Pese a esta inquina hacia los espectáculos, nunca lograron prohibir los combates, el teatro, ni las carreras del circo, el otro espectáculo romano que criticaban.
P: ¿Es erróneo, entonces, explicar el fin de la gladiatura por el auge del cristianismo?
R: Achacar el fin de la gladiatura a un solo elemento es un error, y especialmente al cristianismo. La gladiatura acabó por desaparecer debido a la conjunción de una serie de factores, entre los cuales se supone que debió de estar el cristianismo, aunque desde luego no fue de los principales. A día de hoy realmente no sabemos a ciencia cierta qué influencia real, si es que llegó a tener alguna, ejerció el cristianismo en el fin de la gladiatura.
Uno de los factores directos que sí sabemos que la debilitó es el hecho de que desde el siglo II en adelante las élites económicas ya no están tan dispuestas a gastarse su fortuna en evergesías para entretener a sus vecinos. Unido a esta razón, encontramos un constante encarecimiento de los precios de los gladiadores, que hacía muy difícil encontrar a alguien con el dinero suficiente para pagar un munus de nivel decente. Si no podían encontrarse gladiadores de nivel, se contrataban gladiadores malos, los cuales ofrecían un mal espectáculo, lo que causaba desafección en el público y que muchas personas ya no deseasen volver a ver ese espectáculo.
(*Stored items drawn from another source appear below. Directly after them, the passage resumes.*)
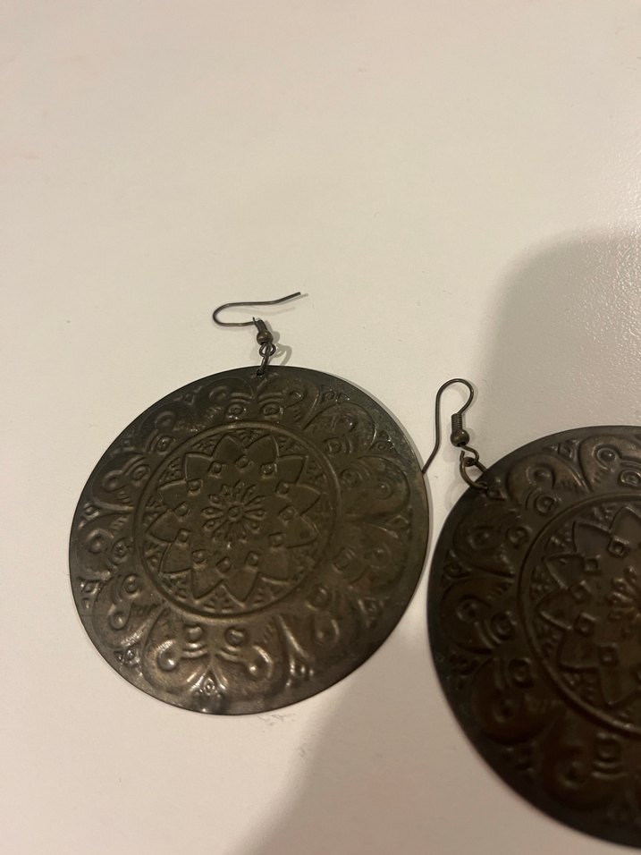 Bohem tarzı, desenli ve metalik kahverengi renkte midi uzunlukta, günlük kullanım için uygun küpeler.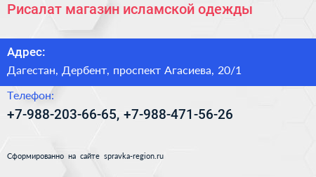 Рисалат, магазин исламской одежды по адресу Дагестан, Дербент, проспект Агасиева, 20/1 в дальнейшем Организация, размещена в следующих категориях: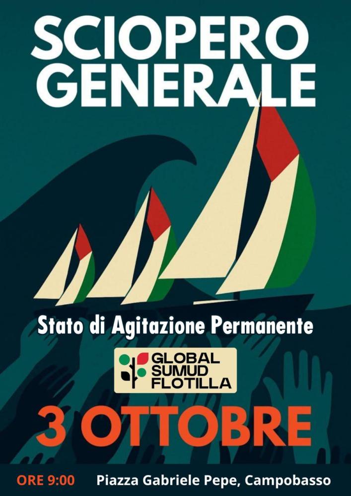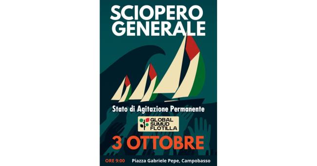 Domani, 3 ottobre, sarà sciopero generale. - in difesa di ciò che ha rappresentato e rappresenta la Flotilla; - per la reazione umana all’ignavia dei governi; - per alimentare la partecipazione e la volontà di non rassegnarsi alla violenza che impunita sta annientando un popolo; - per l’affermazione dei diritti (costituzionali, umani, universali….), di chi subisce ingiustizie, di chi si mobilita contro di esse; - per il bisogno di opporsi con fermezza e determinazione a chi sta calpestando leggi e convenzioni violando il diritto internazionale e per affermare il diritto fondamentale di umanità; -affinché l’Italia interrompa ogni collaborazione militare ed economica con lo Stato di Israele, sospendendo gli accordi industriali e fermare l’economia di guerra. DOMANI SARA’ SCIOPERO GENERALE PERCHE’ SIAMO CONTRO GLI OPPRESSORI E AL FIANCO DEGLI OPPRESSI. In Molise ci sarà una grande manifestazione a Campobasso che partirà da Piazza Pepe alle ore 9 (davanti alla Prefettura) e si muoverà verso Piazza Municipio attraversando viale Elena. La CGIL del Molise, l’USB e il grande movimento dal basso 0409 (4 settembre) che si è costituito spontaneamente a Campobasso grazie alla mobilitazione di studenti e di gruppi spontanei della società civile invitano lavoratrici, lavoratori, Partiti politici , associazioni laiche e cattoliche, liberi cittadini e libere cittadine ad aderire allo sciopero e a partecipare alla manifestazione.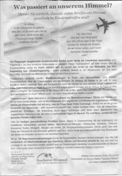 Version vom 14. August 2015, 21:47 Uhr von 12x98 (Diskussion | Beiträge) (Plakat/Flyer von Dominik Storrs "Bürgerinitiative sauberer Himmel")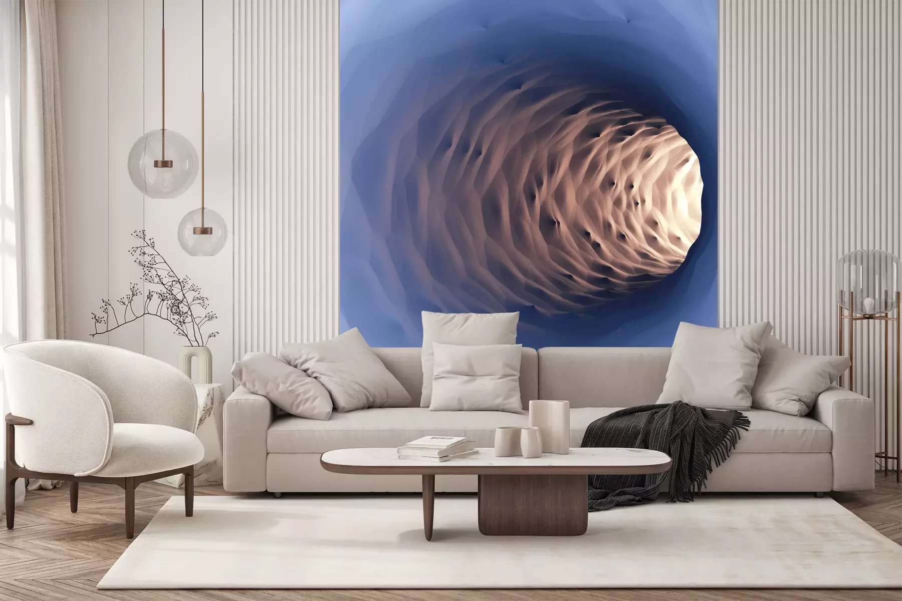 Het materiaal Premium+ is een gestructureerd vinyl op vlies met een gewicht van 255 g/m², dat kleine oneffenheden in de muur effectief camoufleert. De subtiele structuur van fijn zand geeft het oppervlak een exclusieve uitstraling, terwijl de halfmatte afwerking de diepte van de kleuren benadrukt. Het materiaal is dampdoorlatend, waardoor het ook in de keuken en badkamer kan worden gebruikt. De maximale breedte van één baan bedraagt 100 cm – bij grotere afmetingen wordt het fotobehang in meerdere gelijke banen verdeeld. De lijm wordt direct op de muur aangebracht en het behang wordt rand-aan-rand geplakt, wat zorgt voor een esthetisch resultaat zonder zichtbare naden. Het oppervlak kan gemakkelijk worden schoongemaakt door het voorzichtig af te nemen met een vochtige doek.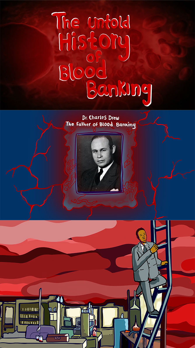 Dr. Charles Drew, "The Father of Blood Banking", his design was based on some very old family portraits. In my sketchbook I conceptualized and early 20th century laboratory and hospital. I was moved to making the animation for this song resonate like a mural painting, like you'd see in predominately black communities honoring outstanding historical figures in the community.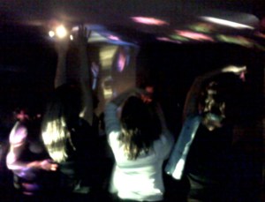 inviting family and friends. Frédérique and Laurent went all out. The food was absolutely incredible. There were multiple courses (of course), “Happy Birthday” sung in English, followed by cake. There was a slide show of photos from Romain’s life that even included pictures on Melinda’s parent’s boat! Then the living room was transformed into a disco and dancing ensued. I caught this picture of Chloe, Ella and Melinda doing the “YMCA.”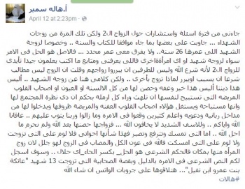 من جانبها، علقت المستشار الأسرية والتربوية "هالة سمير" على مسألة زواج أرامل الشهداء بتدوينة عبر صفحته الرسمية على موقع "فيس بوك" قائلة: "جاءتني من فترة أسئلة واستشارات حول الزواج الثاني ولكن تلك المرة من زوجات الشهداء".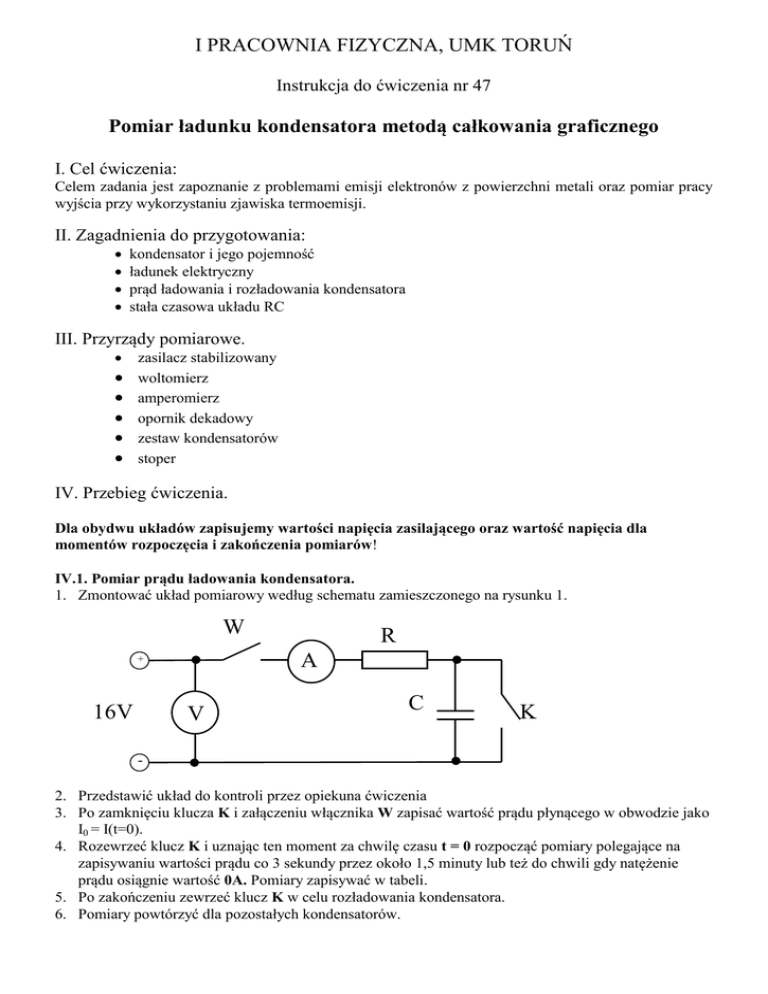 I PRACOWNIA FIZYCZNA, UMK TORUŃ Instrukcja do ćwiczenia nr 47 Pomiar ładunku kondensatora metodą całkowania graficznego I. Cel ćwiczenia: Celem zadania jest zapoznanie z problemami emisji elektronów z powierzchni metali oraz pomiar pracy wyjścia przy wykorzystaniu zjawiska termoemisji. II. Zagadnienia do przygotowania: kondensator i jego pojemność ładunek elektryczny prąd ładowania i rozładowania kondensatora stała czasowa układu RC III. Przyrządy pomiarowe. zasilacz stabilizowany woltomierz amperomierz opornik dekadowy zestaw kondensatorów stoper IV. Przebieg ćwiczenia. Dla obydwu układów zapisujemy wartości napięcia zasilającego oraz wartość napięcia dla momentów rozpoczęcia i zakończenia pomiarów! IV.1. Pomiar prądu ładowania kondensatora. 1. Zmontować układ pomiarowy według schematu zamieszczonego na rysunku 1. W A + 16V R V C K 2. Przedstawić układ do kontroli przez opiekuna ćwiczenia 3. Po zamknięciu klucza K i załączeniu włącznika W zapisać wartość prądu płynącego w obwodzie jako I0 = I(t=0). 4. Rozewrzeć klucz K i uznając ten moment za chwilę czasu t = 0 rozpocząć pomiary polegające na zapisywaniu wartości prądu co 3 sekundy przez około 1,5 minuty lub też do chwili gdy natężenie prądu osiągnie wartość 0A. Pomiary zapisywać w tabeli. 5. Po zakończeniu zewrzeć klucz K w celu rozładowania kondensatora. 6. Pomiary powtórzyć dla pozostałych kondensatorów. CZAS[s] 0 3 6 9 12 15 18 .... 90 Seria 1 Seria 2 Seria 3 Seria 4 Seria 5 Wartość średnia IV.2. Pomiar prądu rozładowania kondesatora 1. Zmontować układ pomiarowy według schematu zamieszczonego na rysunku 2 W R + 16V C V A 2. Przedstawić układ do kontroli przez opiekuna ćwiczenia 3. Zamknąć włącznik W i zapisać wartość prądu płynącego w obwodzie jako I0 = I(t=0). 4. Rozewrzeć klucz W i uznając ten moment za chwilę czasu t = 0 rozpocząć pomiary polegające na zapisywaniu wartości prądu co 3 sekundy przez około 1,5 minuty lub też do chwili gdy natężenie prądu osiągnie wartość 0A. Pomiary zapisywać w tabeli. 5. Po zakończeniu zewrzeć klucz K w celu rozładowania kondensatora. 6. Pomiary powtórzyć dla pozostałych kondensatorów. CZAS[s] 0 3 6 9 12 15 18 .... 90 Seria 1 Seria 2 Seria 3 Seria 4 Seria 5 Wartość średnia V. Opracowanie wyników. 1. Sporządzić wykresy średniego prądu ładowania i rozładowania funkcji czasu iśr(t) = f(t) oraz ln(iśr(t)) = f(t) 2. Na podstawie wykresów obliczyć ładunek zgromadzony na kondensatorze metodą całkowania graficznego 3. Metodą regresji liniowej wyznaczyć współczynnik kierunkowy i na jego podstawie obliczyć pojemność kondensatora a = 1 / RC 4. Dla obu metod określić błędy pomiarowe (przy pomiarze czasu nie uwzględniając czasu reakcji VII. Literatura: J. Orear, Fizyka, WNT, Warszawa 1998 H. Szydłowski, Pracownia fizyczna, PWN, Warszawa, 1999 A. Zawadzki, H. Hofmokl, Laboratorium Fizyczne, PWN, Warszawa, 1968

Sobre el cristianismo, las críticas de los líderes de la Iglesia evidentemente debieron de ejercer algún efecto entre sus feligreses. Algunos debieron de decidir no volver más a ver ese espectáculo, pero también hay que tener presente que los feligreses hacían muy poco caso a los sermones, como lamentan los propios líderes religiosos. Tertuliano o San Agustín se quejan en varias ocasiones de que los cristianos preferían ver los munera antes que ir a misa.